— TASK DETAILS —
The expected answer is the set of lines in the data below between the line holding "味噌カツと肉じゃがに小松菜のおひたし、のりの佃煮があります。" and the line holding "这款鞋子是AAAAA 1:1 质量", inclusive, written out exactly.

[[ STORED DATA open ]]

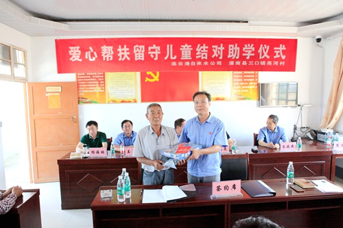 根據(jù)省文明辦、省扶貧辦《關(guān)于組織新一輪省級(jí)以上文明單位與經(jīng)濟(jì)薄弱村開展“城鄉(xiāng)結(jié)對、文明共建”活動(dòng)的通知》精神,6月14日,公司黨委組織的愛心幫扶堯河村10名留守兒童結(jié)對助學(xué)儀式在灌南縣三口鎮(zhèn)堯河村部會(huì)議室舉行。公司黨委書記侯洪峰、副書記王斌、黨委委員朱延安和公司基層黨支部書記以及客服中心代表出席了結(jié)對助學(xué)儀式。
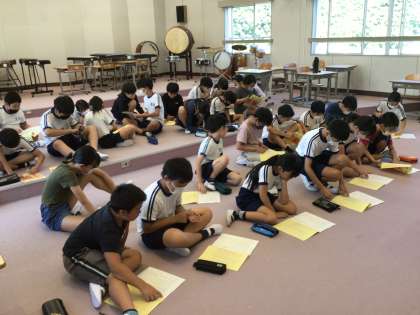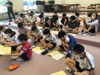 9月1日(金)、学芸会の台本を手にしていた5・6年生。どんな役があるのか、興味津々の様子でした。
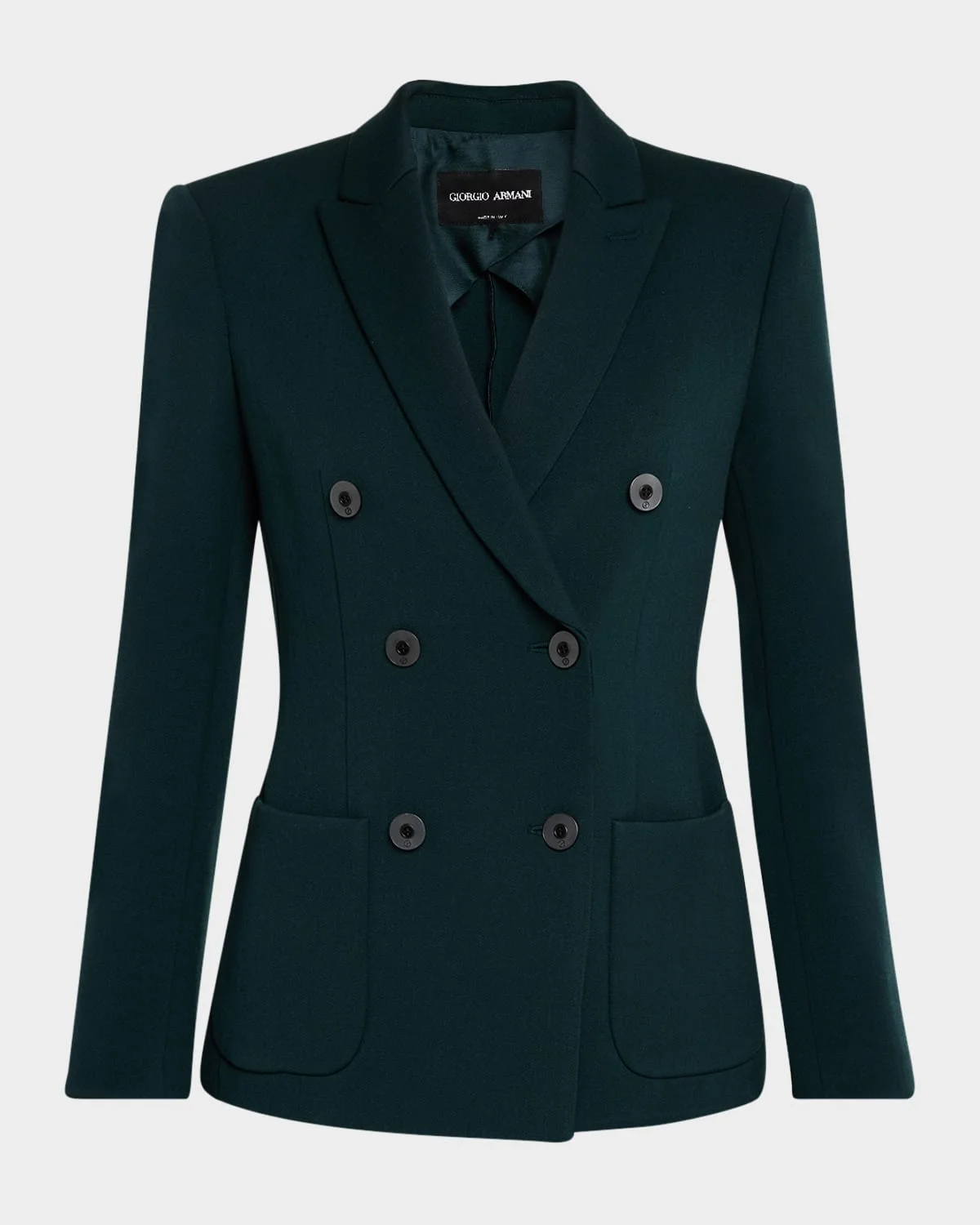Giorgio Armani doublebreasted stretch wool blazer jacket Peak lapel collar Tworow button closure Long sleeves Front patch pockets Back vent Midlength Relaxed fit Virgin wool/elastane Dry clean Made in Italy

[[ STORED DATA closed ]]
[[ STORED DATA open ]]

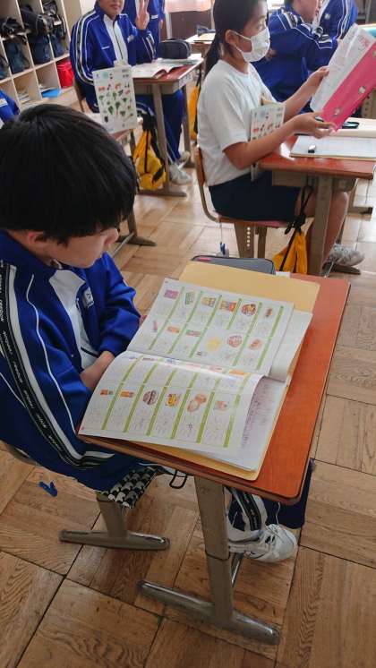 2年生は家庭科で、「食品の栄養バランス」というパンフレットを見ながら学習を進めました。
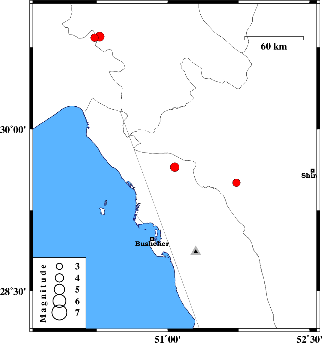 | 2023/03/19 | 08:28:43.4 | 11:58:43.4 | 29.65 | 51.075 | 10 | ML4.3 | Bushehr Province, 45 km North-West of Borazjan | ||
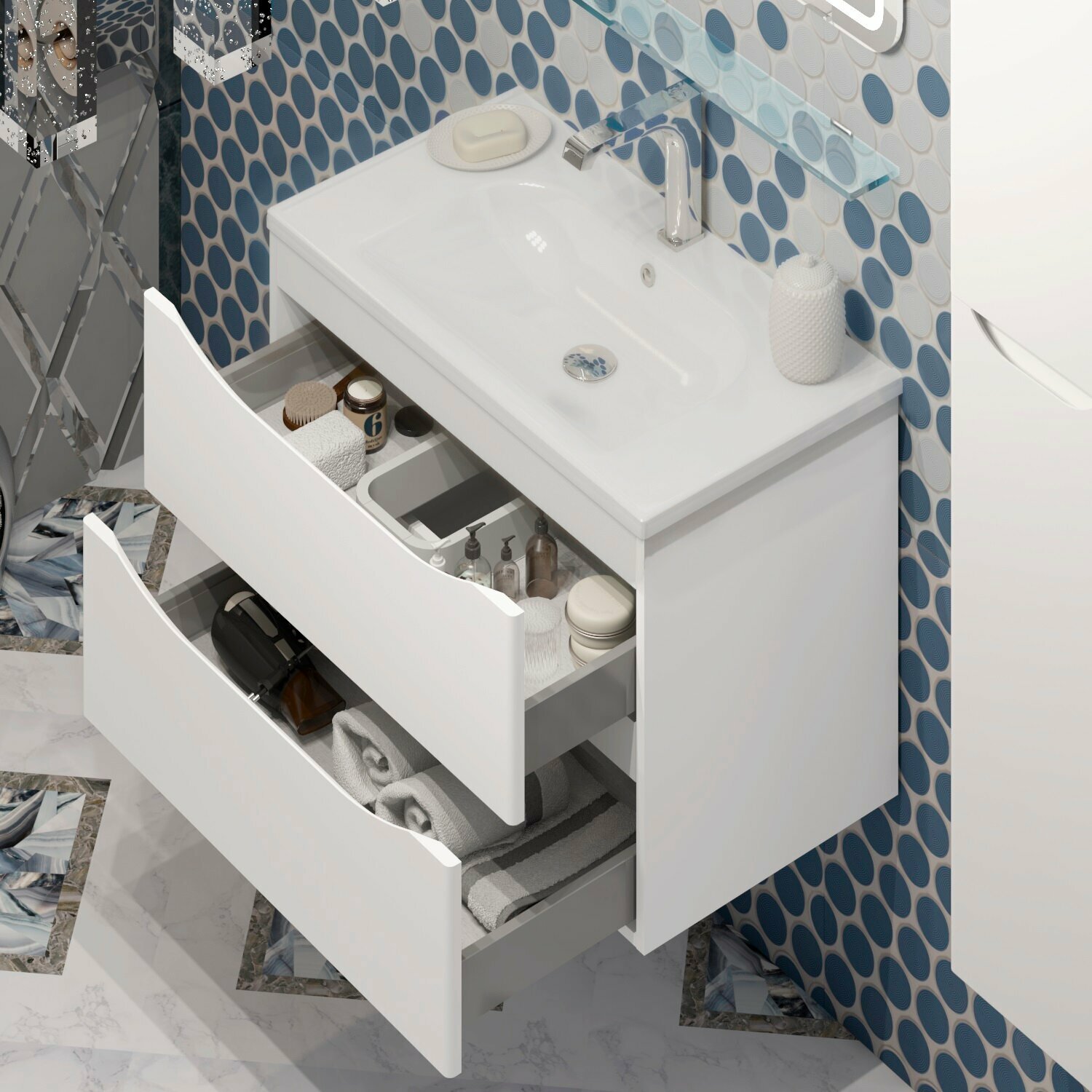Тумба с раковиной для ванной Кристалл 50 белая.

[[ STORED DATA closed ]]
[[ STORED DATA open ]]

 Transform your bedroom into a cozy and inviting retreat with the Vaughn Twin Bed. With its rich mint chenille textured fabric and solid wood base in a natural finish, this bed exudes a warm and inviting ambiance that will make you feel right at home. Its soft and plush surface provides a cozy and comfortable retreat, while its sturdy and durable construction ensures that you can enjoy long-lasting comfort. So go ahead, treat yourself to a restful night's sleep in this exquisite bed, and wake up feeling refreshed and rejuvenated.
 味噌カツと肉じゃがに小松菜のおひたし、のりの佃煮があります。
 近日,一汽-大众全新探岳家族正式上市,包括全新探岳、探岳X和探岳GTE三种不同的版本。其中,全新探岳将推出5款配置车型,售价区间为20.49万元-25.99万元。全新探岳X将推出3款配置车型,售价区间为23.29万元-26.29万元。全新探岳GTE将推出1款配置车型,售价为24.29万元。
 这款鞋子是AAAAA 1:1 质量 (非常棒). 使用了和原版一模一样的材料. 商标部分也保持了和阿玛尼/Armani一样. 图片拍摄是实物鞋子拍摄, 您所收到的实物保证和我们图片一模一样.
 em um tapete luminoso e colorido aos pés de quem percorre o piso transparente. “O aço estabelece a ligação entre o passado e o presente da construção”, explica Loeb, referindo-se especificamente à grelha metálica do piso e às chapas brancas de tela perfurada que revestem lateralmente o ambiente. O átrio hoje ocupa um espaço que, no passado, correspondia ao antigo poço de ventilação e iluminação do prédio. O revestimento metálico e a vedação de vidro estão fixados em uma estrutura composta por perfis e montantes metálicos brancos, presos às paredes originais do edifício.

[[ STORED DATA closed ]]

— SOLUTION TO THE EXERCISE —
 味噌カツと肉じゃがに小松菜のおひたし、のりの佃煮があります。
 近日,一汽-大众全新探岳家族正式上市,包括全新探岳、探岳X和探岳GTE三种不同的版本。其中,全新探岳将推出5款配置车型,售价区间为20.49万元-25.99万元。全新探岳X将推出3款配置车型,售价区间为23.29万元-26.29万元。全新探岳GTE将推出1款配置车型,售价为24.29万元。
 这款鞋子是AAAAA 1:1 质量 (非常棒). 使用了和原版一模一样的材料. 商标部分也保持了和阿玛尼/Armani一样. 图片拍摄是实物鞋子拍摄, 您所收到的实物保证和我们图片一模一样.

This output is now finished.